Überall in Kalkutta lassen sich solche Bilder einfangen. Doch der Eindruck, die Stadt sei rückständig oder in Zeit stehen geblieben, täuscht.
Eher steht Altes und Neues gleichberechtigt nebeneinander.
Im Erdgeschoss des roten Backsteingebäudes residiert die Filiale eines Großhandels für Speiseöl: Ganesh Mustard Oil bzw. Prag Mills.
Der erste Eindruck ließe vermuten, das Geschäft bestünde schon hundert Jahre und ist möglicherweise schon lange nicht mehr am Markt. Nur noch einige alte Möbel und handgemalte Schilder wären zurück geblieben.
Auch das steinerne Firmenschild scheint vor Generationen hier angebracht worden zu sein. Doch die Inschrift ist erst einige Jahre alt.
Der Handel ist auf Wachstumskurs.

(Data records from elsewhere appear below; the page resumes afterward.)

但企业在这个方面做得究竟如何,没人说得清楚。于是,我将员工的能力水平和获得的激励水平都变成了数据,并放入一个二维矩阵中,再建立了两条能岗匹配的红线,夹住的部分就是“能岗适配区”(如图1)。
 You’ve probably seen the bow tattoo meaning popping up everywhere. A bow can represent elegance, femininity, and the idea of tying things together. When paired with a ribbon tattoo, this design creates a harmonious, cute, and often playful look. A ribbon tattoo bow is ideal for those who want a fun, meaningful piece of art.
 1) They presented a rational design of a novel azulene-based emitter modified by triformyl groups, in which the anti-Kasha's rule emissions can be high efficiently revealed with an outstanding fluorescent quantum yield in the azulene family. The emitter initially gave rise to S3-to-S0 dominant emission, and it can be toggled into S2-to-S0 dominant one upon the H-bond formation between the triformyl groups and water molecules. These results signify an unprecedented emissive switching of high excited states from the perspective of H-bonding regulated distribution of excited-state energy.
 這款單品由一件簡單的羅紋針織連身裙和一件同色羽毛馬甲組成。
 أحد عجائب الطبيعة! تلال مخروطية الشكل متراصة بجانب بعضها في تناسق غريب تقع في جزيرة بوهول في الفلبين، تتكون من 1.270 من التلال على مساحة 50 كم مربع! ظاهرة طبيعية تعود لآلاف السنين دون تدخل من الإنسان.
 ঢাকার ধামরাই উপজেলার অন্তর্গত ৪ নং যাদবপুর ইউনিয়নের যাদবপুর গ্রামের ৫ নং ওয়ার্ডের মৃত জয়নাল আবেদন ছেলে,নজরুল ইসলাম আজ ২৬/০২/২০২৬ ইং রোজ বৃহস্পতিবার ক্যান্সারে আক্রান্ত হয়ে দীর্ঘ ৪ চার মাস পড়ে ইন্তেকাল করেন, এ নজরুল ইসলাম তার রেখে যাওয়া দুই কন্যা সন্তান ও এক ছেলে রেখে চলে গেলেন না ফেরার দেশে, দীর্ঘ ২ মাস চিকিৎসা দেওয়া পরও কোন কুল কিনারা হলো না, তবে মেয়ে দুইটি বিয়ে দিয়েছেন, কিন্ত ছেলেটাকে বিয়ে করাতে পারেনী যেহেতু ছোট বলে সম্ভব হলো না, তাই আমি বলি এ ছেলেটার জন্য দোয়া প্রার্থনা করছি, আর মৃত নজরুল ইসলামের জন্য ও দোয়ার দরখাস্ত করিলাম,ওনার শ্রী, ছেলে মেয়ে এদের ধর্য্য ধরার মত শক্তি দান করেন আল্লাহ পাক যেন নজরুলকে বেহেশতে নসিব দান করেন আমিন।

Zahlungen werden auch hier überwiegend elektronisch abgewickelt, die Produkte sind in Onlineshops verfügbar und das Design der firmeneigenen Webseiten ist auf internationalem Niveau.
Wir haben nun ungefähr die Mitte von "Greater Kalkutta" erreicht.
Rings um diesen Punkt liegen mehrere Millionenstädte, die inzwischen zu einer Metropolregion verschmolzen sind.
Innerhalb weniger Jahrzehnte hat sich hier mit hoher Geschwindigkeit eine der größten Agglomerationen weltweit gebildet.
Hinter einigen Flussfähren liegt die Howrah-Brücke, sie gehört zu den längsten Stahlfachwerkbrücken der Welt.

Der Blick durch den Dunst in gegenläufiger Richtung eröffnet die Sicht auf eine weiteres Viadukt von gigantischen Ausmaßen, die Second Hooghly Bridge.
Das ikonische Bauwerk von über 800 Metern Länge wurde von dem deutschen Bauingenieur Jörg Schlaich konzipiert, er leitete auch die Arbeiten am Münchener Olympiastadion.
Die Second Hooghly Bridge wurde gebaut um die alte Stahlbrücke zu entlasten.
Doch sie konnte der Howrah-Brücke nicht den Ruf als verkehrsreichste Flusquerung der Welt nehmen, zu rasch wächst dieser Großraum.
Der Lärm der Stadt dringt nur gedämpft auf den Fluss. Die Ruhe lässt vergessen, dass sich täglich tausende Menschen neu in Greater Kalkutta niederlassen.